Added to my parents open lack of intellectual restriction led to a pretty broad education on religion, and now in my later years I find I know things about religions that many practicing theists do (however I do NOT claim any theological standing). The diversity and incompatibility of the different faiths I was exposed to, however, made me realize that some of them had to be wrong. There was just too many conflicting claims, and if some of them could be wrong, maybe they could all be wrong.
Most of the claims shared many common elements, but people often included the more extraordinary claims in an attempt to pique my interest. This approach universally backfired because often only a cursory investigation was required to find the evidence insufficient or totally lacking.
The best example of that was someone telling me that men had one less rib because god took a rib from Adam to make Eve.... No, not true. Humans have 24 ribs each. Male or Female, makes no difference. Some individuals have 1 pair of ribs less, but it's not a male or female specific variation. You can find this in almost any book on human anatomy even the really simple ones written for kids - yet you'd be surprised how many adults today accept that claim without even checking it once.
Disrespect and wild claims were nothing, however, compared to the condescension that atheists are often subjected to.

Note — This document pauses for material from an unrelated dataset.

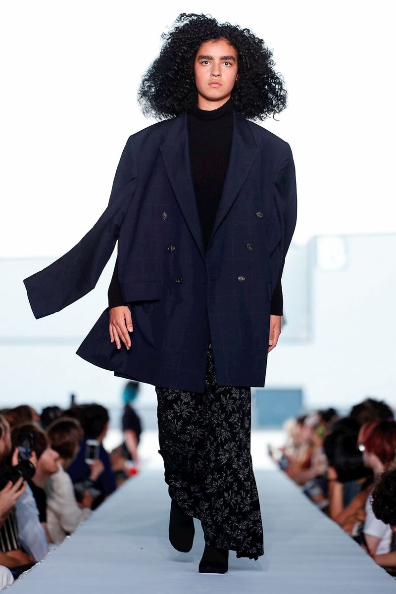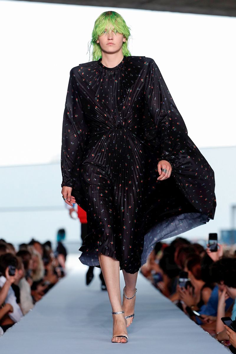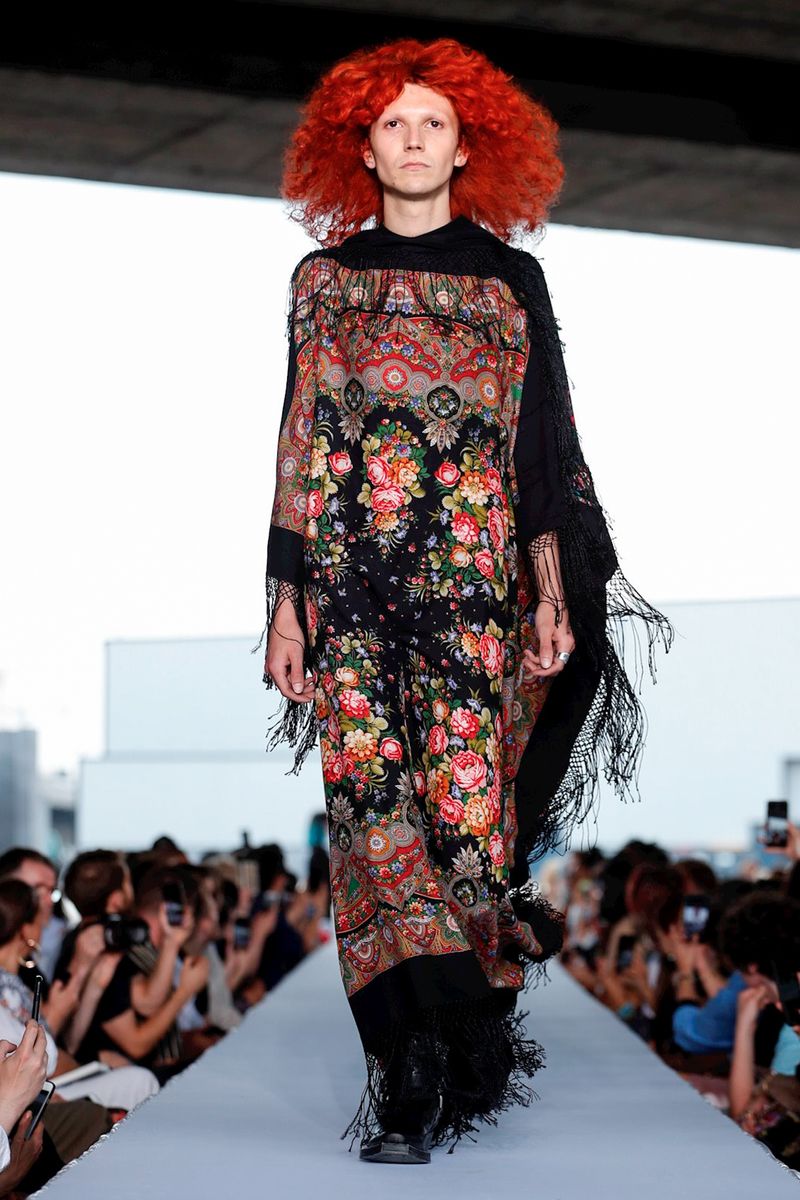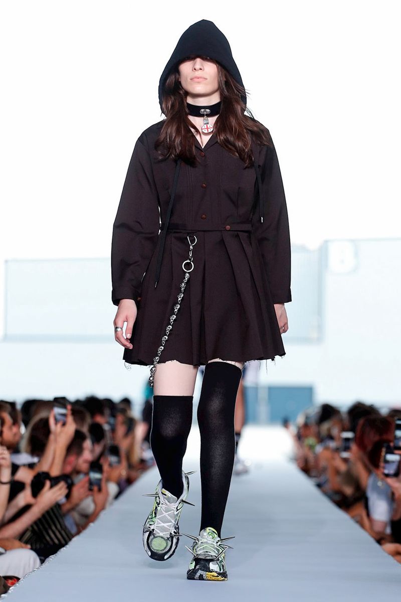 As the designer’s 10th show — Chardonnay was served at the preshow bar; Lebkuchenherzen iced gingerbread hearts served as the show invitation — the collection, with its mix of street, normcore, techno-goth and punk — including spiky Reeboks — also read like his greatest hits, with the familiar oversized jackets, pleated starburst floral dresses, fringed East European-peasant scarf looks, hoodies and reworked denim.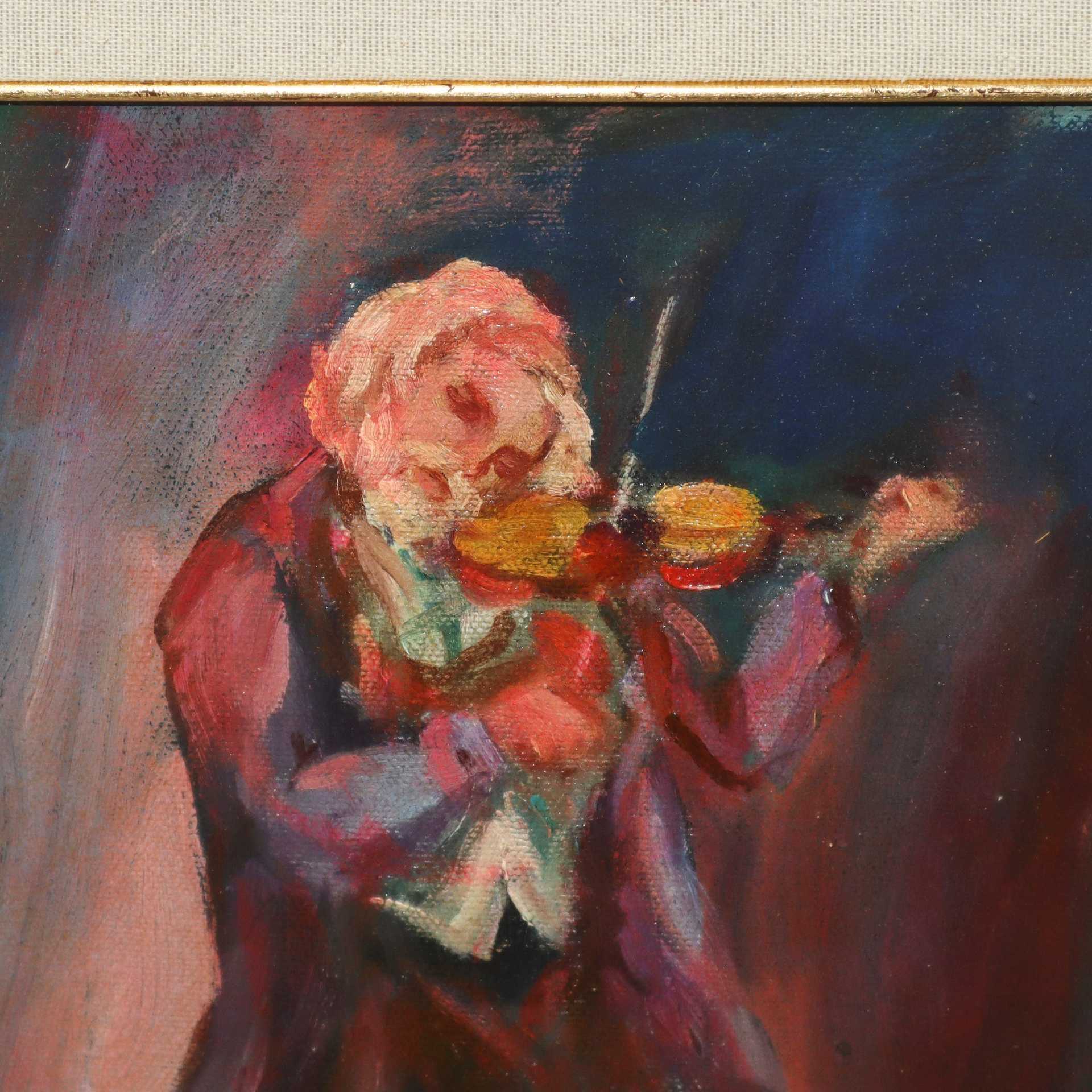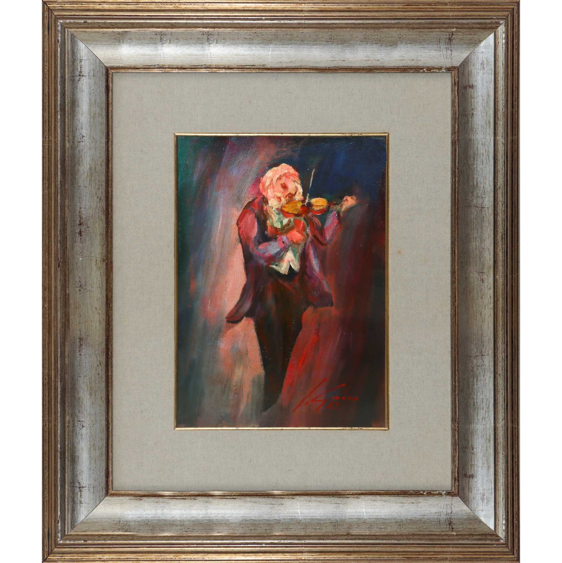 Violinista, 1982 cm 31x21,5 in cornice 60x50 Olio su tavoletta Firmato e datato in basso a destra S. Greco

That look you see when someone of faith fixes you with a faint smile, a misty look in their eyes, and a sad slow nod. Then they tell you that you "dont understand", that you are "denying yourself", or worst of all, ignoring the "god shaped hole in your heart".
Atheists dont get the moral high ground on this issue, both sides look down on the other wishing they could "just let themselves understand" but it's a little soul crushing for a child to have their perspective dismissed out of hand. If a child disagrees with your beliefs, you need to be ready to discuss them openly and honestly - and that includes accepting that you may be wrong on some if not all of your positions.
In my adult life I have been very lucky in making friends who not only accept my lack of faith, but also have a sense of humility about their own.
Today atheism has become part fo the mainstream debate, I started this blog because I wanted to add another voice to the groundswell of rationalists. At leasts when an adult expresses their faith to a child today I would hope they could do so rationally and consistently, something that was sadly lacking when I was a child.